_REQUIRED WORK_
Among the entries below, find the line with "4月25至28日,福建省学前" and the line with "- 1× Prüfkasten". Return exactly those lines and every line between them, but no pictures.

_THE DATA_
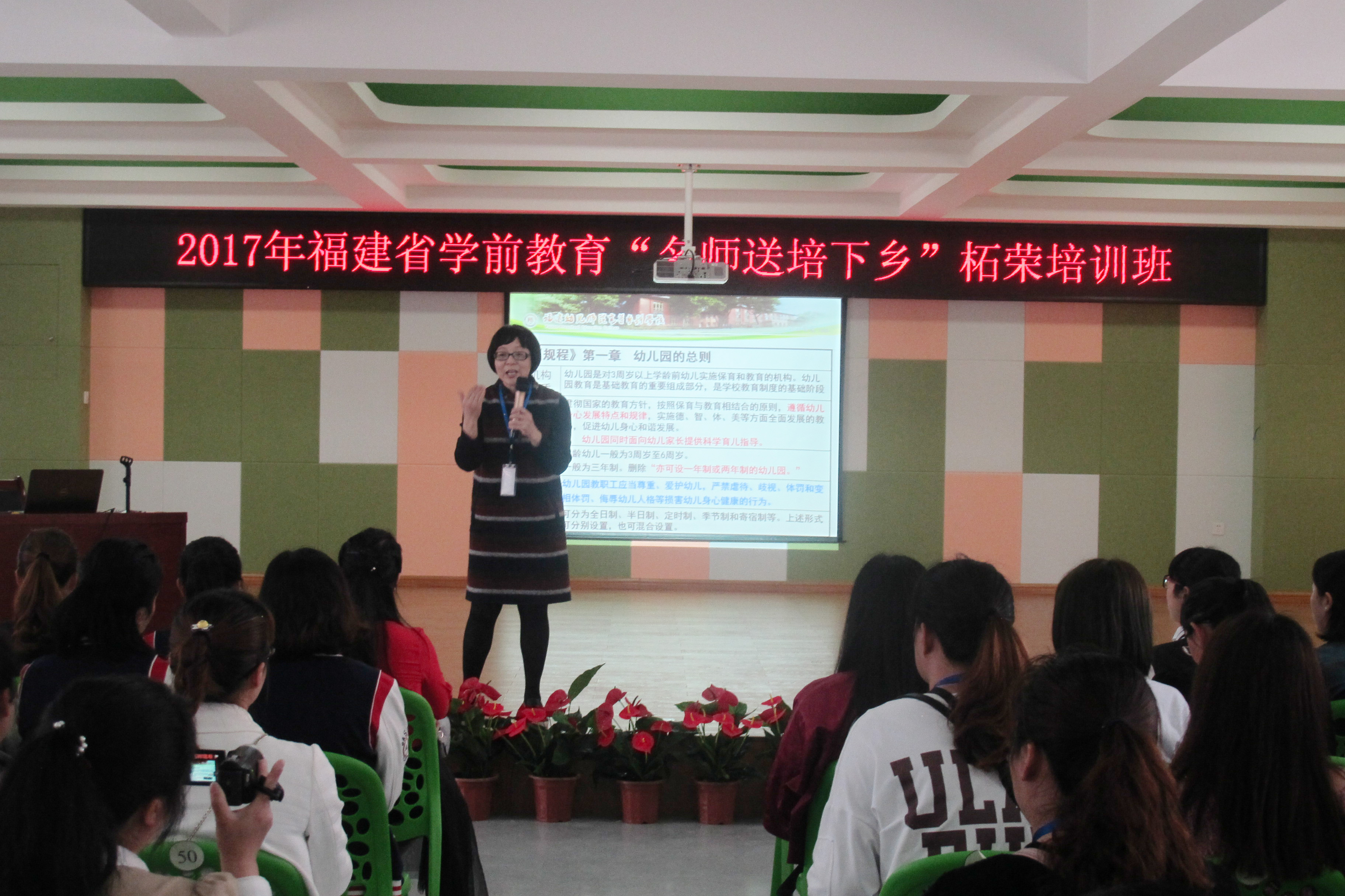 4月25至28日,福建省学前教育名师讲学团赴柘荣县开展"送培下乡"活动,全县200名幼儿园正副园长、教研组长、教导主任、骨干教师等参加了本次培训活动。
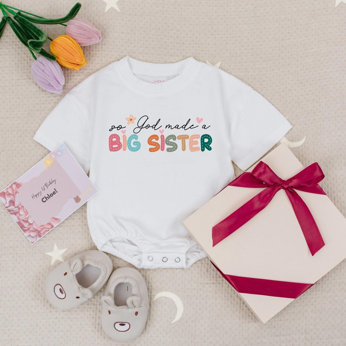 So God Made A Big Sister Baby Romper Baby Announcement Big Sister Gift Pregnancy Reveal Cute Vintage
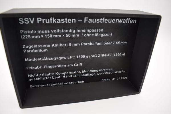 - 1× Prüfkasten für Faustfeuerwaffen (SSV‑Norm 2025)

* * *

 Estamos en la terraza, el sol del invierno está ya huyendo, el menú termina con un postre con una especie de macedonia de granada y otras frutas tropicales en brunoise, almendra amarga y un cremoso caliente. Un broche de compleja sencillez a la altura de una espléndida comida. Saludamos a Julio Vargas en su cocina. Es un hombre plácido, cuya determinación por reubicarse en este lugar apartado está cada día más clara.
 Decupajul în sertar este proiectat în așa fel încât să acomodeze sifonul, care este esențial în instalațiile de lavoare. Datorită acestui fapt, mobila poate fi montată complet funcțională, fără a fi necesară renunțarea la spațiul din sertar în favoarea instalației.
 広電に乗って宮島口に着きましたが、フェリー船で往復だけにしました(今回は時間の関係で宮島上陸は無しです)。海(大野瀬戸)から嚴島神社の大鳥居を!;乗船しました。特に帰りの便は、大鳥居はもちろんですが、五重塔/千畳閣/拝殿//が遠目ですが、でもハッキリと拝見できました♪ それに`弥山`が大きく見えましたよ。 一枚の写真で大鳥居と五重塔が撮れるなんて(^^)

_YOUR SOLUTION_
 4月25至28日,福建省学前教育名师讲学团赴柘荣县开展"送培下乡"活动,全县200名幼儿园正副园长、教研组长、教导主任、骨干教师等参加了本次培训活动。
 So God Made A Big Sister Baby Romper Baby Announcement Big Sister Gift Pregnancy Reveal Cute Vintage
 - 1× Prüfkasten für Faustfeuerwaffen (SSV‑Norm 2025)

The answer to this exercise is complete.